К игровому театру. Лирический трактат - [69]
Что-то шепчут его губы, но мы не слышим никаких слов, что-то ищут его осторожные руки, но мы не видим их движений. Жалкая, беспомощная улыбка все время то появляется, то исчезает на его лице, но мы не улавливаем никакой мимики. Так светит в пасмурный летний день скрытое за облаками солнце; так первый весенний ручеек чуть слышно журчит под сплошной еще коркой смерзшегося снега, покрывающего склоны оврага; так неисповедимыми своими путями пробивается в сердце ребенка бесконечная отцовская любовь, спрятанная за суровой личиной внешнего делового безразличия.
Равнодушные молодые англичане по инерции продолжают дразнить его и цеплять: подбегают к нему и толкают, то сзади, то спереди, то в плечо, то в спину, то в грудь.
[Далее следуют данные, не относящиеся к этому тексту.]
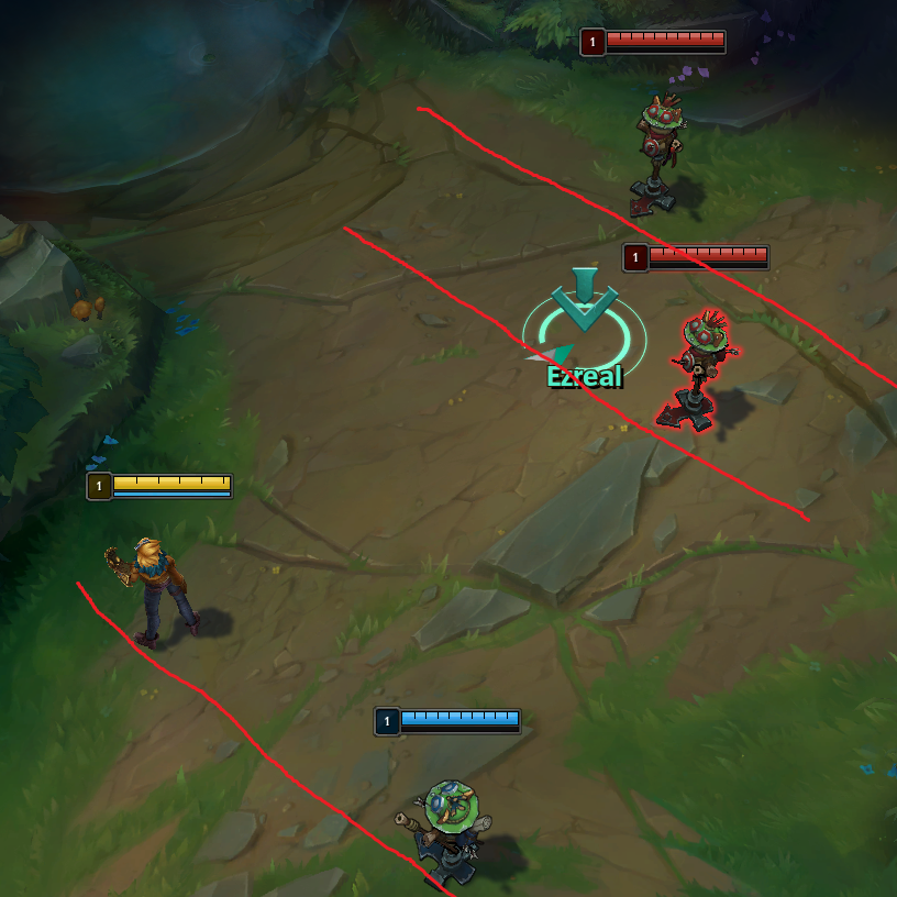 A lot of players in solo queue have very interesting positioning in bot lane to say the least. Sometimes you'll see bot lane ADCs positioning aggressively and forward to show their teammates they want to fight, but all it really does is put them out of position and make them vulnerable. Don't use positioning to communicate. One of the key aspects to good positioning in bot lane is to stay neutral with your partner. Staying neutral basically means that at any point during the laning phase, you should both be in line with each other. This means that if you fall back in lane, you fall back in lane together. If you want to move forward and play aggressively, you do it together. This keeps the lane as simple as possible and always keeps you in the best position to win fights or escape ganks together.

И это становится похоже на игру: посреди круга ходит человек с растопыренными руками и завязанными глазами (на этот раз, правда, глаза его "завязаны" навсегда), а со всех сторон его теребят расшалившиеся азартные (только на этот раз почему-то лысые и бородатые, отчего-то жестокие и наглые).
А игра — она имеет свои законы и свою магию — все равно напоминает о детстве, об ушедшей куда-то чистоте, и игроками овладевает навязчивая ностальгия лиризма, движения играющих обретают мягкость, прикасания к слепцу становятся осторожнее и ласковей, и вот уже над игрой, в воздухе, порхая, начинает кружиться невидимый и пока еще неслышимый вальс: "татта-та-та, татта-та-та, тата-та".
Пианист подхватывает вальсовую волну и трепетными прикосновениями к клавишам подчеркивает смысл происшедшей перемены: от жестокости — к нежности.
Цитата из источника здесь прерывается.